Data extracted from a collection:
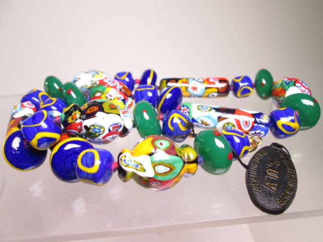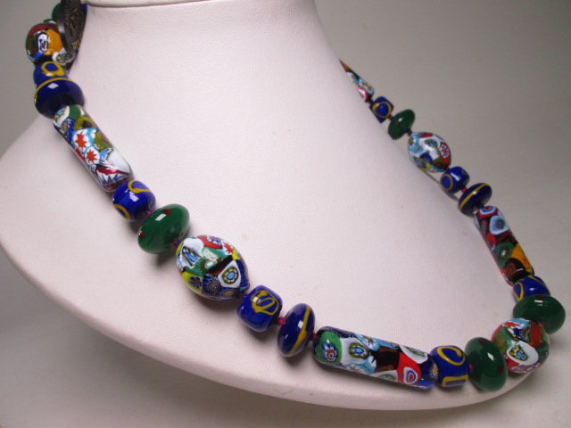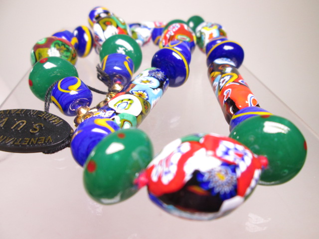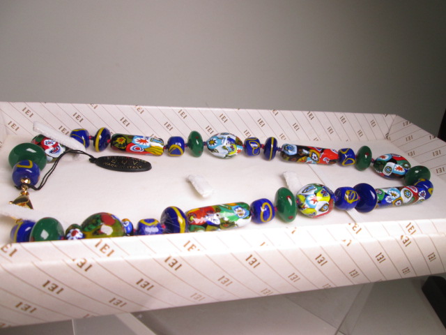 ☆イタリー製 ベネチアン硝子トンボ玉の綺麗なロングネックレス ケース付 未使用
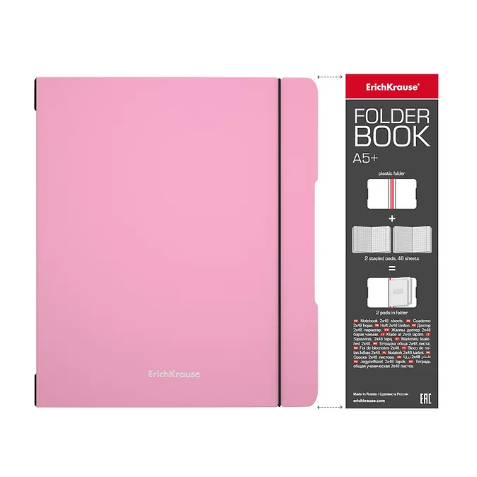 Тетрадь общая ученическая формата А5+ (170×203 мм) со сменными блоками FB Solution в пластиковой обложке. В комплект входят две тетради 48 листов на скобе в клетку с полями. Удобная система крепления на резинках дает возможность быстрой замены тетрадей, а фиксирующая резинка предотвращает нежелательное раскрытие. Эргономичный дизайн: специальные выемки на обложке облегчают перелистывание. Обложка из высококачественного износостойкого матового пластика с фактурой «песок». Бумага офсетная плотностью 60 г/м2. Цвет линовки — синий. Скругленные уголки обложки и блока. Рекламный вкладыш с информацией о товаре. Тетради упакованы в пакет по 2 штуки. Сменные блоки FB Solution можно купить отдельно, но также для данной обложки подойдет любая тетрадь на скобе А5+ ErichKrause®.
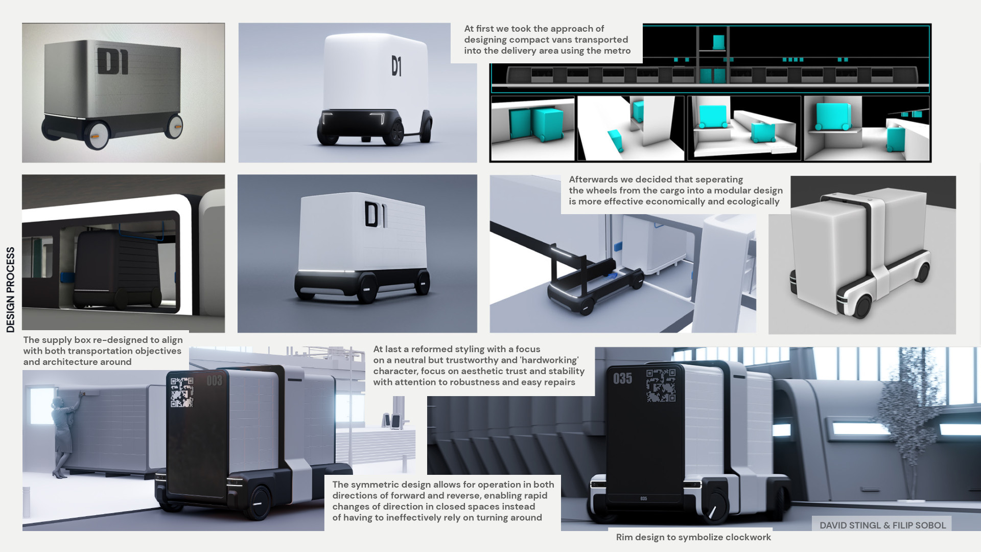 Obecné téma se soustředilo na autonomní metro. Filip Sobol s Davidem Stinglem problém pojali šířeji a zaměřili se na problematiku zásobování metropolí. Autoři zkoumali možnosti inovací současné infrastruktury center velkých měst a s ní spojené ekologické zátěže a snížené kvality života obyvatel. „Přemýšleli jsme, jak téma zpracovat a dát mu přidanou hodnotu. Autonomní metro je běžnou součástí mnohých měst a jeho funkci jsme obohatili právě o zásobování. Přesunutí zásobování pod zem a zároveň využití stávající sítě metra, je ideálním řešením pro komplexnější regulaci dopravy ve velkých metropolích, jako je například New York,“ říká jeden z mladých designérů David Stingl.
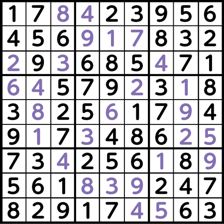 同じ列や同じブロックに同じ数字がだぶって入らないように、マスを埋めてください。
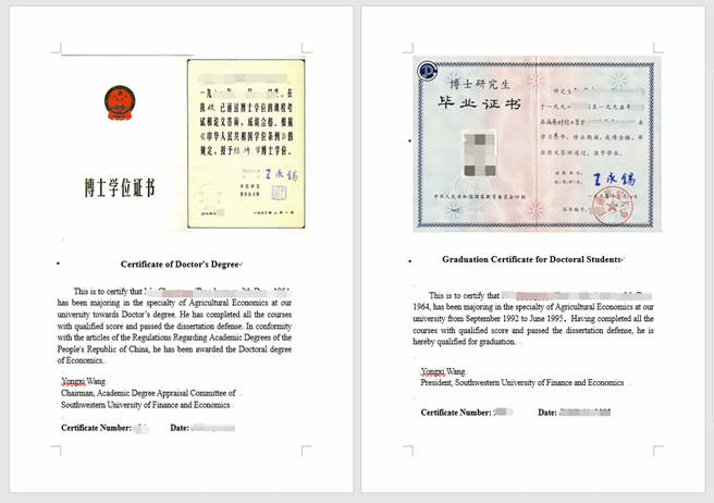 1.毕业证书和学位证书翻译件请按照以下格式自行准备:一张A4纸张,上半部分为证书的清晰照片,下半部分为对照英文翻译内容。
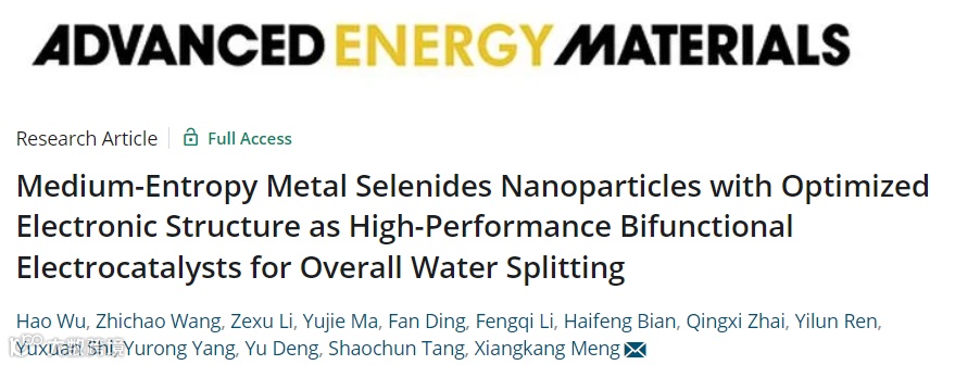 近日, 来自南京大学大学的孟祥康教授团队在国际知名期刊Advanced Energy Materials上发表题为“Medium-Entropy Metal Selenides Nanoparticles with Optimized Electronic Structure as High-Performance Bifunctional Electrocatalysts for Overall Water Splitting”的观点文章。该文通过硒化金属有机框架前驱体制备了一系列Fe1.2(CoNi)1.8Sx中熵金属硒化物纳米颗粒,展示了Fe1.2(CoNi)1.8Se6中熵金属硒化物在电催化中的应用,为促进HER/OER反应动力学提供了一种新的设计理念,有助于低成本的工业制氢。

- Exercise requirements: Give again the stretch of lines above from the one with "Тетрадь общая ученическая" through the one with "同じ列や同じブロックに同じ数字がだぶって入らないように、マスを埋めてください。", both ends kept, and copy no pictures.

- Response to the task:
 Тетрадь общая ученическая формата А5+ (170×203 мм) со сменными блоками FB Solution в пластиковой обложке. В комплект входят две тетради 48 листов на скобе в клетку с полями. Удобная система крепления на резинках дает возможность быстрой замены тетрадей, а фиксирующая резинка предотвращает нежелательное раскрытие. Эргономичный дизайн: специальные выемки на обложке облегчают перелистывание. Обложка из высококачественного износостойкого матового пластика с фактурой «песок». Бумага офсетная плотностью 60 г/м2. Цвет линовки — синий. Скругленные уголки обложки и блока. Рекламный вкладыш с информацией о товаре. Тетради упакованы в пакет по 2 штуки. Сменные блоки FB Solution можно купить отдельно, но также для данной обложки подойдет любая тетрадь на скобе А5+ ErichKrause®.
 Obecné téma se soustředilo na autonomní metro. Filip Sobol s Davidem Stinglem problém pojali šířeji a zaměřili se na problematiku zásobování metropolí. Autoři zkoumali možnosti inovací současné infrastruktury center velkých měst a s ní spojené ekologické zátěže a snížené kvality života obyvatel. „Přemýšleli jsme, jak téma zpracovat a dát mu přidanou hodnotu. Autonomní metro je běžnou součástí mnohých měst a jeho funkci jsme obohatili právě o zásobování. Přesunutí zásobování pod zem a zároveň využití stávající sítě metra, je ideálním řešením pro komplexnější regulaci dopravy ve velkých metropolích, jako je například New York,“ říká jeden z mladých designérů David Stingl.
 同じ列や同じブロックに同じ数字がだぶって入らないように、マスを埋めてください。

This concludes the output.